***** Source material
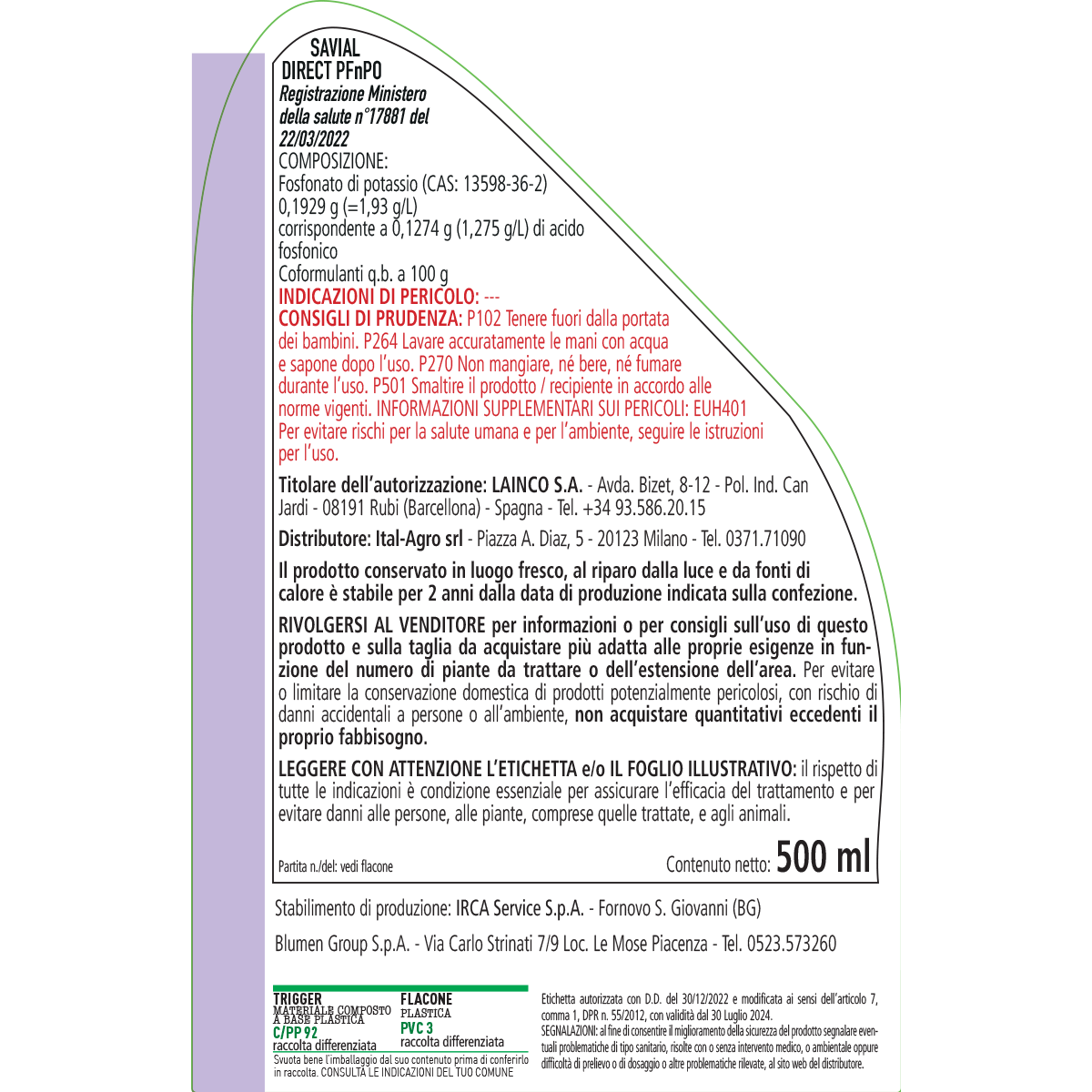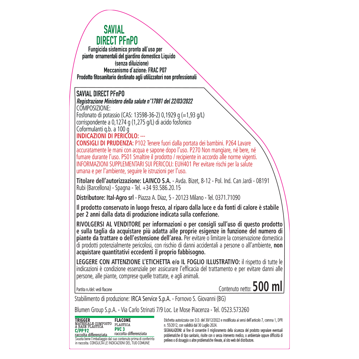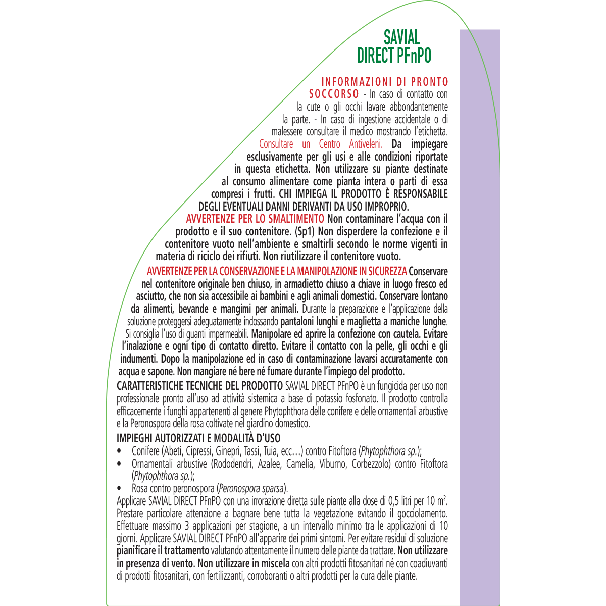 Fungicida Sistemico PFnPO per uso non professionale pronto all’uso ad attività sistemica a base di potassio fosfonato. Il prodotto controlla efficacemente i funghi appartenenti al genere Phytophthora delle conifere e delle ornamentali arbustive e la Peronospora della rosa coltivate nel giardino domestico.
**********
***** Source material
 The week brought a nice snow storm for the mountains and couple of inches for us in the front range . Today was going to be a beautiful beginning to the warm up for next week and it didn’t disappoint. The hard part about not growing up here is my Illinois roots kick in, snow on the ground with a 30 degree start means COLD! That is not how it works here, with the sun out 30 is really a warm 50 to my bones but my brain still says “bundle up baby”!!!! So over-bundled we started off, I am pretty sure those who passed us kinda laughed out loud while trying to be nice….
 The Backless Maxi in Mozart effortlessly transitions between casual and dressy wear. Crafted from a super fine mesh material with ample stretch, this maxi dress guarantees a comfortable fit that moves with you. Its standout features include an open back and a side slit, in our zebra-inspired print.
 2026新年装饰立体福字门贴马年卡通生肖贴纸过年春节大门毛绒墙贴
**********
• Your assignment:
Take the lines above from the one containing "The Backless Maxi" down to the one containing "2026新年装饰立体福字门贴马年卡通生肖贴纸过年春节大门毛绒墙贴", and transcribe them exactly, both ends included.

• Result of this task:
 The Backless Maxi in Mozart effortlessly transitions between casual and dressy wear. Crafted from a super fine mesh material with ample stretch, this maxi dress guarantees a comfortable fit that moves with you. Its standout features include an open back and a side slit, in our zebra-inspired print.
 2026新年装饰立体福字门贴马年卡通生肖贴纸过年春节大门毛绒墙贴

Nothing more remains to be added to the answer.